The BCG matrix (aka B.C.G. analysis, BCG-matrix, Boston Box, Boston Matrix, Boston Consulting
Group analysis, portfolio diagram) is a chart that had been created by Bruce Henderson for the
Boston Consulting Group in 1968 to help corporations with analyzing their business units or
product lines. This helps the company allocate resources and is used as an analytical tool in
brand marketing, product management, strategic management, and portfolio analysis.
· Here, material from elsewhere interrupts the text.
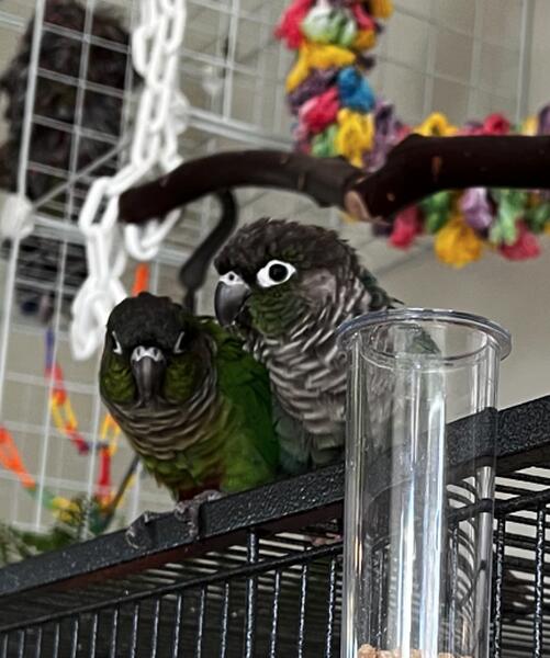 message nwrvrc8390 about this ad For sale: 1 breeding pair, green cheek female and turquoise male. Proven breeders, excellent parents. Will not separate. $600 for the pair. Will come with cage and supplies. 1 Pineapple female, DNA sexed. Unmated. Four years old. Very clever bird. Loves puzzles, human interaction, and play. $500. Will come with cage and supplies. 1 Turquoise juvenile. Sex unknown, two years old. Beautiful baby. A little hand shy but not aggressive and very trainable. $500. |

When using the Boston Consulting Group Matrix, SBUs can be shown within any of the four
quadrants (Star, Question Mark, Cash Cow, Dog) as a circle whose area represents their size.
With different colors, competitors may also be shown. The precise location is determined by
the two axes, market Growth as the Y axis, Market Share as the X axis. Alternatively, changes
over or two years can be shown by shading or other differences in design.xx [1]. Thus,Star
products are currently have hight grouwth and hight market share however question mark is
product with low share but high growth. Cash Cow has high share but low growth.Finally,dog is
product that has low growth and share.

MARKETING MYOPIA:

It is a term used in marketing as well as the title of an important marketing paper written by
Theodore Levitt. This paper was first published in 1960 in the Harvard Business Review, a
journal of which he was an editor. Marketing Myopia refers to "focusing on products rather
than customers."

The Myopic culture, Levitt postulated, would pave the way for a business to fail, due to the
short-sighted mindset and illusion that a firm is in a so-called 'growth industry'. This belief leads
to complacency and a loss of sight of what customers want.

Theodore levitt asks a very interesting question as an example for marketing myopia. His
question is, if Hollywood were into television rather than movies, wouldnt it have profited
more? This is true because as we know the major crowd of hollywood is concentrating into
making movies and actually money is more into television.
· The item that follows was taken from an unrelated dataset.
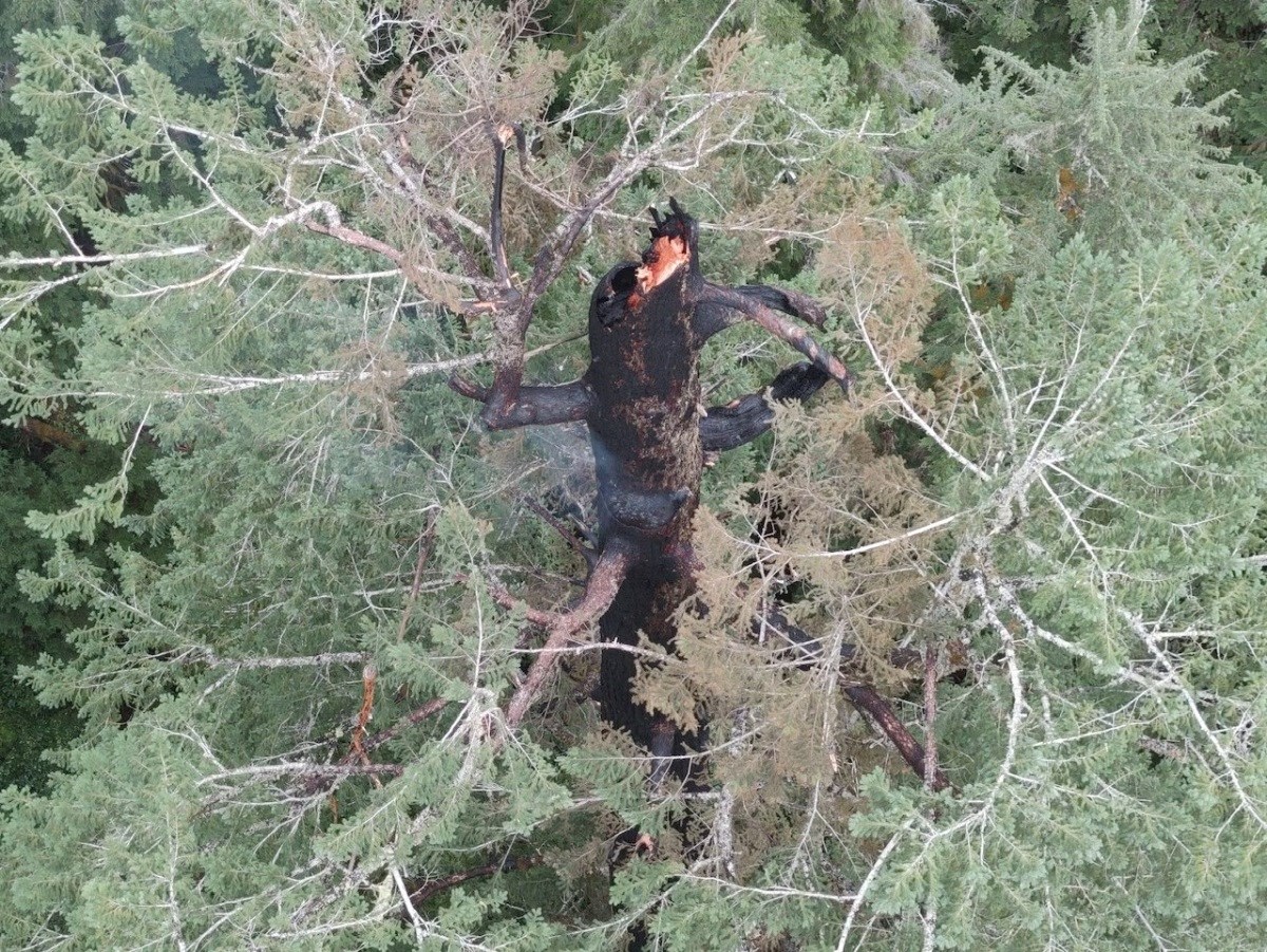 Prema riječima Megan Harper, glasnogovornice Saveznog ureda za upravljanje zemljištem, pregled infracrvenim dronom u utorak pokazao je da na vrhu stabla više nema aktivnog plamena ni dima. Međutim, detektirana je toplina unutar šupljine debla na visini od 85 metara, što znači da opasnost još uvijek nije prošla. Harper je potvrdila kako je stablo već izgubilo značajan dio visine, objašnjavajući da je vrh potpuno izgorio.

Thus, if hollywood would have catered to the television market, they would have earned more.
And Theodore levitt’s marketing myopia theory has turned right as hollywood has entered
television with renowned movie maker twentieth century fox as well as sony televisions and
other channels.

Some commentators have suggested that its publication marked the beginning of the modern
marketing movement. Its theme is that the vision of most organizations is too constricted by a
narrow understanding of what business they are in. It exhorted CEOs to re-examine their
corporate vision; and redefine their markets in terms of wider perspectives. It was successful in
its impact because it was, as with all of Levitt's work, essentially practical and pragmatic.
Organizations found that they had been missing opportunities which were plain to see once
they adopted the wider view. The paper was influential. The oil companies (which represented
one of his main examples in the paper) redefined their business as energy rather than just
petroleum. By contrast, when the Royal Dutch Shell embarked upon an investment program in
nuclear power, it failed to demonstrate a more circumspect regard for their industry.
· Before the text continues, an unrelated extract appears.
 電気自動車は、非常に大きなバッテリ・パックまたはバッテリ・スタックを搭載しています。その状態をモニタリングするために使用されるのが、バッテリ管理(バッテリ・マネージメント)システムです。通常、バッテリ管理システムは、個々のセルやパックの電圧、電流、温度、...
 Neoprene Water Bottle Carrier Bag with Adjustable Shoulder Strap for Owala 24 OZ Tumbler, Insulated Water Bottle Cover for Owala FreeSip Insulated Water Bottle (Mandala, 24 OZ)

One reason that short sightedness is so common is that people feel that they cannot accurately
predict the future. While this is a legitimate concern, it is also possible to use a whole range of
business prediction techniques currently available to estimate future circumstances as best as
possible.

There is a greater scope of opportunities as the industry changes. It trains managers to look
beyond their current business activities and think "outside the box". George Steiner (1979) is
one of many in a long line of admirers who cite Levitt's famous example on transportation. If a
buggy whip manufacturer in 1910 defined its business as the "transportation starter business,"
they might have been able to make the creative leap necessary to move into the automobile
business when technological change demanded it.[3]

People who focus on marketing strategy, various predictive techniques, and the customer's
lifetime value can rise above myopia to a certain extent. This can entail the use of long-term
profit objectives (sometimes at the risk of sacrificing short term objectives.)